我在Rust book中尝试了一些基准测试,为了进行比较,我在Go中构建了一些类似的东西,并使用ApacheBench运行了一个基准测试。虽然这只是一个简单的例子,但差别太大了。Go web服务器执行相同操作的速度快了10倍。因为我期望Rust更快或达到相同的水平,所以我尝试了使用futures和smol进行多次修订,尽管我的目标是比较仅使用标准库的实现,但结果几乎相同。这里有人能建议对Rust实现进行更改,使其更快,而不使用大量线程数吗 以下是我使用的代码: tokio http版本速度最慢,其他3个rust版本给出的结果几乎相同 以下是基准: 8条螺纹生锈,100条螺纹生锈数字更接近: 去:Concurrency Rust vs Go并发Web服务器,为什么Rust在这里速度慢?,concurrency,rust,webserver,Concurrency,Rust,Webserver,我在Rust book中尝试了一些基准测试,为了进行比较,我在Go中构建了一些类似的东西,并使用ApacheBench运行了一个基准测试。

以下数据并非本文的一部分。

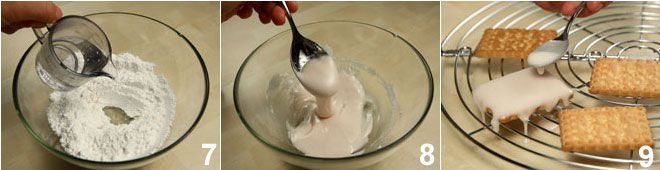 Preparad el glaseado blanco uniendo en un bol el azúcar glas y poca agua hirviendo a la vez 7 hasta obtener una crema densa (podéis corregir la densidad con otra cucharada de azúcar glas o con un poco de agua) 8, con la cual luego glasearéis las galletas secas 9.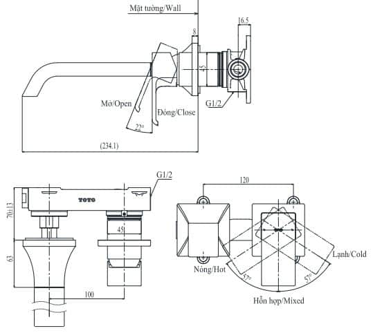 Bản vẽ Vòi Lavabo TOTO TLG08308B Nóng Lạnh Gắn Tường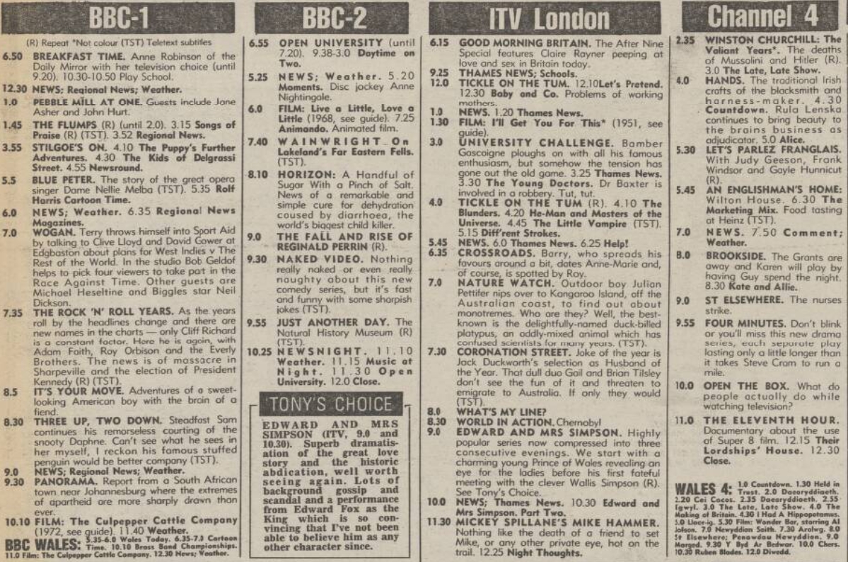 Moving over to BBC2, there’s another chance to see The Fall and Rise of Reginald Perrin. And on ITV’s there’s a re-run of Edward and Mrs Simpson, now stripped over three evenings. As it was originally broadcast in seven parts, it looks like it’s been trimmed down to fit six one-hour slots.
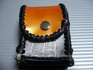 ショートホープ専用サイズで製作しました。 表面の正面側、左右側面、底の部分は、クロコ柄型押しのシルバーレザーを使用しています。 表面の蓋から後ろ側にかけては、自動車塗装のマジョーラのような独特な発色感のあるオレンジレザーを使用しています。 内側は、ブラックレザーを使用。 ケース周囲は、ブラックレザーで、かがり仕上げをしています。 *タバコは、イメージですので、付属しません。 |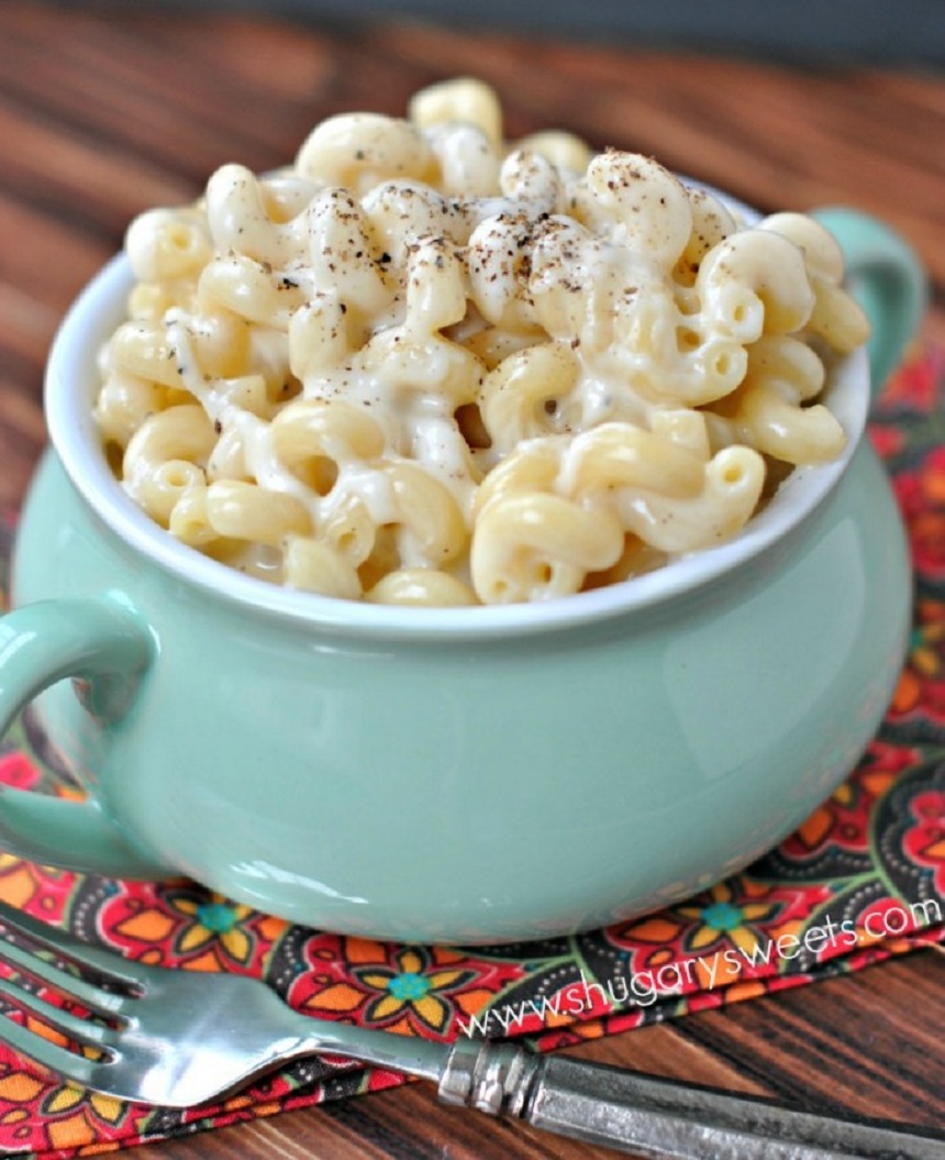 Se gătesc pastele conform instrucţiunilor de pe pachet. Într-o oală mare se adaugă untul, iar când acesta se topeşte se adaugă făina, laptele brânza, sarea, piperul şi muştarul. Se amestecă şi se lasă pe foc până ce compoziţia dă în clocot. Se adaugă pastele li se amestecă până ce acestea se combină perfect cu compoziţia. Se îndepărtează oala de pe foc şi se lasă timp de cinci minute să se odihnească.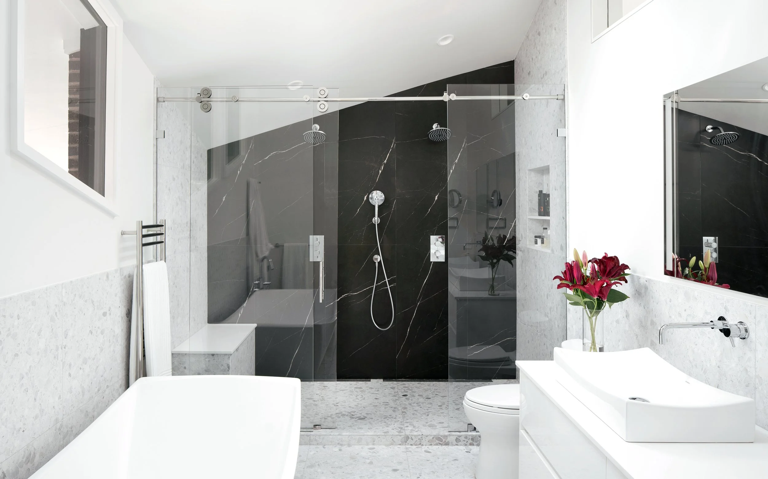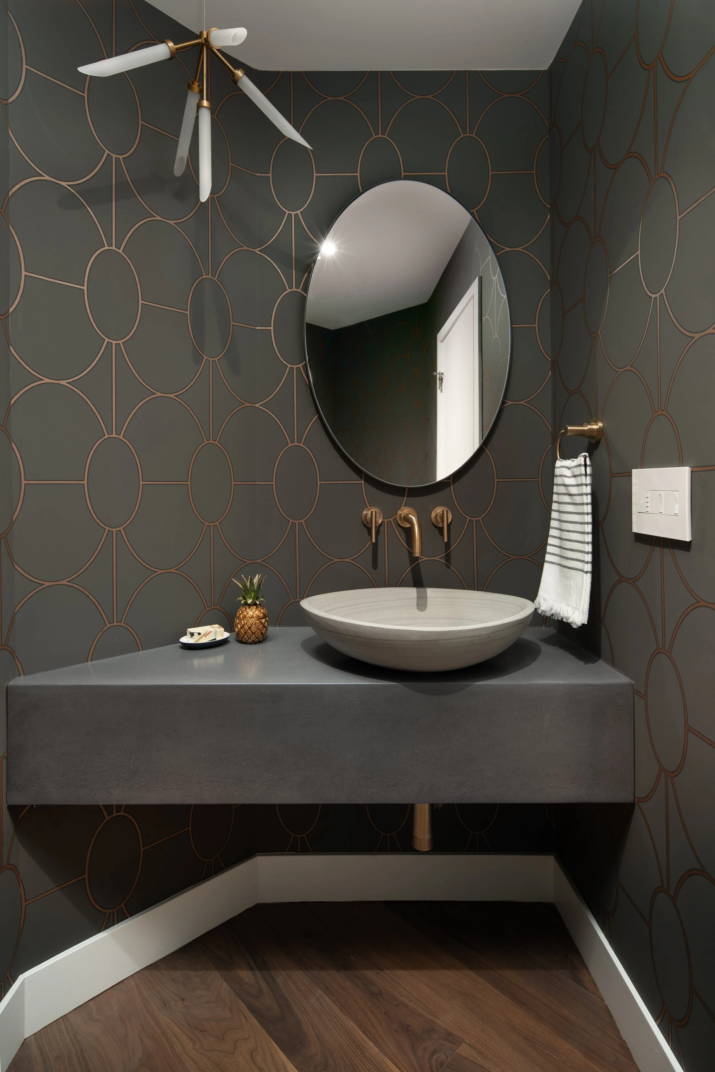 The design embraces the home’s original geometry and dramatic angles, using contrast to add depth and a touch of drama. Custom woodwork and carefully integrated lighting enhance the architecture rather than compete with it.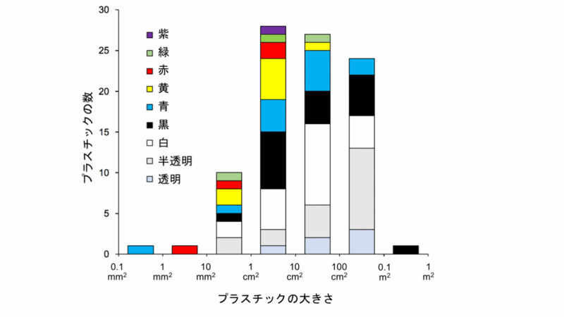 2)プラスチックの大きさは、マクロプラスチックに相当する10cm2-1m2のものが56.5%、メソプラスチックに相当する10mm2-10cm2のサイズが41.3%を占めました。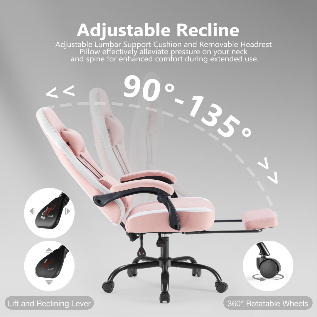 Adapts to Daily Needs - With the removable headrest and waist pillow, the waist pillow can also change the support position by sliding to adapt to your sitting position, which is ideal for playing time and working time. The back is adjusted from 90° in a focused position to 135° in a relaxed position, its height can be raised and lowered 4 inch, and the rugged 3-stage gas lift and upgraded mechanism ensure angle-fixed stability and support, providing reliable support at every angle.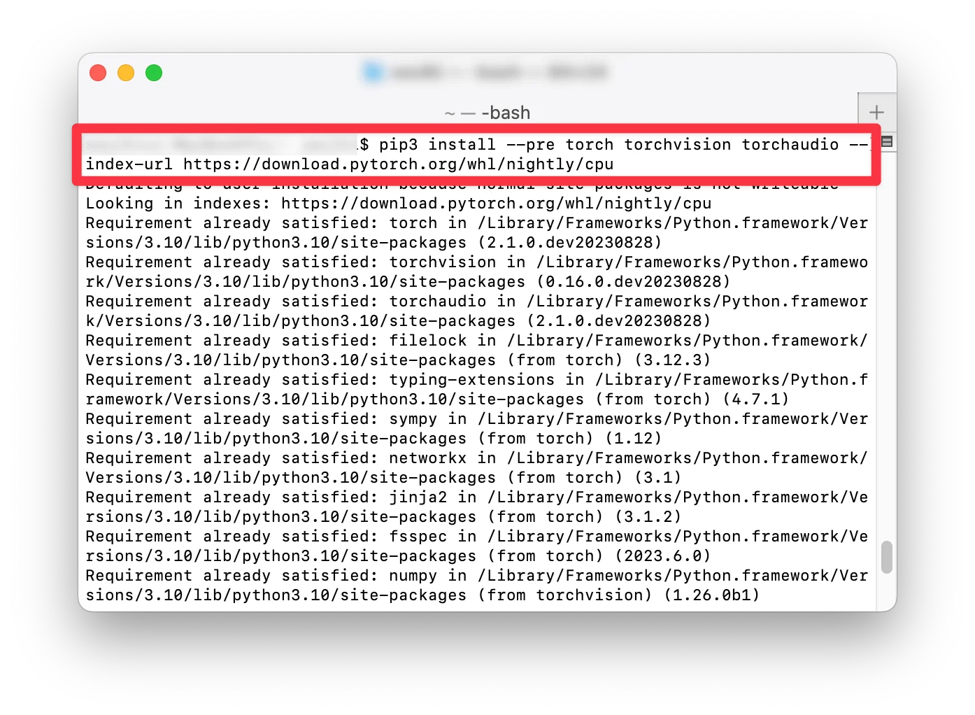 pip3 install --pre torch torchvision torchaudio --index-url https://download.pytorch.org/whl/nightly/cpu터미널에 복사한 명령어를 붙여넣기 하고 실행시킵니다.
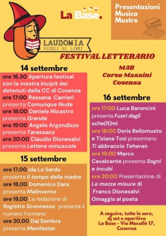 COSENZA Torna a Cosenza il Festival Letterario “Laudomia”, che già l’anno scorso, alla sua prima edizione, ha riscosso un grande successo di pubblico. L’evento si terrà presso le statue del Mab, su Corso Mazzini, nei giorni 14, 15 e 16 settembre. Il titolo di questa edizione è “Lead. Le parole prime”. L’evento è organizzato, come soggetto capofila, da La Base insieme ad alcune librerie indipendenti cittadine (Juna, Mondadori, Raccontami, Ubik), case editrici (Coessenza, Edizioni Erranti, Le Pecore Nere, Talos) e realtà associative (Gaia, La Terra di Piero).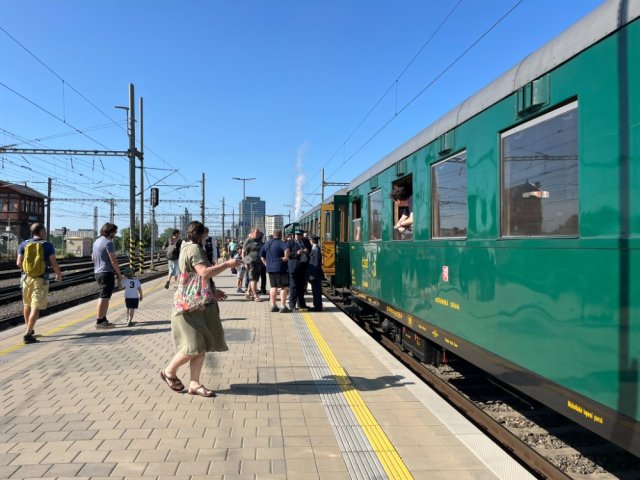 Na přelomu měsíců května a června probíhá v jihomoravské metropoli mezinárodní soutěžní přehlídka ohňostrojných show Ignis Brunensis. Závěrečným a bezprostředně navazujícím bodem programu je tradiční víkend dopravní nostalgie, který v roce 2025 připadl na sobotu 14. a na neděli 15. června. Stejně jako v předchozích letech pořádala tuto akci společnost Kordis JMK, která organizuje pro Jihomoravský kraj provoz Integrovaného dopravního systému, ve spolupráci s Dopravním podnikem města Brna a Regionálním obchodním centrem Českých drah v Brně. V rámci velmi populární akce se tak po oba víkendové dny v ulicích jihomoravské metropole opět objevily historické tramvaje včetně parní Caroline z roku 1889, trolejbusy a autobusy. Nechyběly samozřejmě ani zvláštní vlaky, jejichž jízdy naplánovali pořadatelé na sobotu 14. června 2025. Do čela soupravy historických osobních vozů bývalé třetí třídy se tentokrát postavila parní lokomotiva 525.101 z roku 1956, které na konci vlaku vypomáhala jako postrk historická motorová lokomotiva T 478.1002 z roku 1964. V soupravě byl zařazen i bufetový vůz a služební vůz uzpůsobený pro přepravu kočárků. Dva páry zvláštních vlaků zamířily z brněnského hlavního nádraží do Zastávky u Brna. V cílové stanici se mohli návštěvnicí svézt úzkorozchodným vláčkem do Muzea průmyslových železnic s možností prohlídky jeho expozice, nebo přestoupit na historické autobusy, které je odvezly do Muzea hornictví a energetiky v Oslavanech. V obou případech bylo možné po prohlídce expozic a návratu do Zastávky u Brna odcestovat zvláštním vlakem zpět do jihomoravské metropole. Členové našeho spolku zajistili ve zvláštních vlacích personál v dobových stejnokrojích z poloviny sedmdesátých let dvacátého století. Pořadatelé vyhodnotili akci jako velmi úspěšnou, neboť se naprostá většina jízdních dokladů prodala již před termínem jejího konání v předprodeji. Na základě pozitivních ohlasů ze strany veřejnosti i regionálních médií předpokládáme, že se víkend dopravní nostalgie uskuteční v podobném rozsahu i v příštím roce.

虽然这只是一个简单的例子,但差别太大了。Go web服务器执行相同操作的速度快了10倍。因为我期望Rust更快或达到相同的水平,所以我尝试了使用futures和smol进行多次修订,尽管我的目标是比较仅使用标准库的实现,但结果几乎相同。这里有人能建议对Rust实现进行更改,使其更快,而不使用大量线程数吗 以下是我使用的代码: tokio http版本速度最慢,
我只比较了你的rustws和Go版本。在Go中,您有无限的Goroutine,即使您将它们都限制为只有一个CPU核心,而在rustws中,您创建了一个包含8个线程的线程池
由于您的请求处理程序每10个请求睡眠2秒,因此您将rustws版本限制为每秒80/2=40个请求,这就是您在ab结果中看到的。Go不受这个任意瓶颈的影响,因此它显示了单个CPU内核上的最大it烛光句柄。我终于能够使用async_std lib在Rust中获得类似的结果
❯ ab -c 100 -n 1000 http://localhost:8080/
This is ApacheBench, Version 2.3 <$Revision: 1879490 $>
Copyright 1996 Adam Twiss, Zeus Technology Ltd, http://www.zeustech.net/
Licensed to The Apache Software Foundation, http://www.apache.org/
Benchmarking localhost (be patient)
Completed 100 requests
Completed 200 requests
Completed 300 requests
Completed 400 requests
Completed 500 requests
Completed 600 requests
Completed 700 requests
Completed 800 requests
Completed 900 requests
Completed 1000 requests
Finished 1000 requests
Server Software:
Server Hostname: localhost
Server Port: 8080
Document Path: /
Document Length: 176 bytes
Concurrency Level: 100
Time taken for tests: 2.094 seconds
Complete requests: 1000
Failed requests: 0
Total transferred: 195000 bytes
HTML transferred: 176000 bytes
Requests per second: 477.47 [#/sec] (mean)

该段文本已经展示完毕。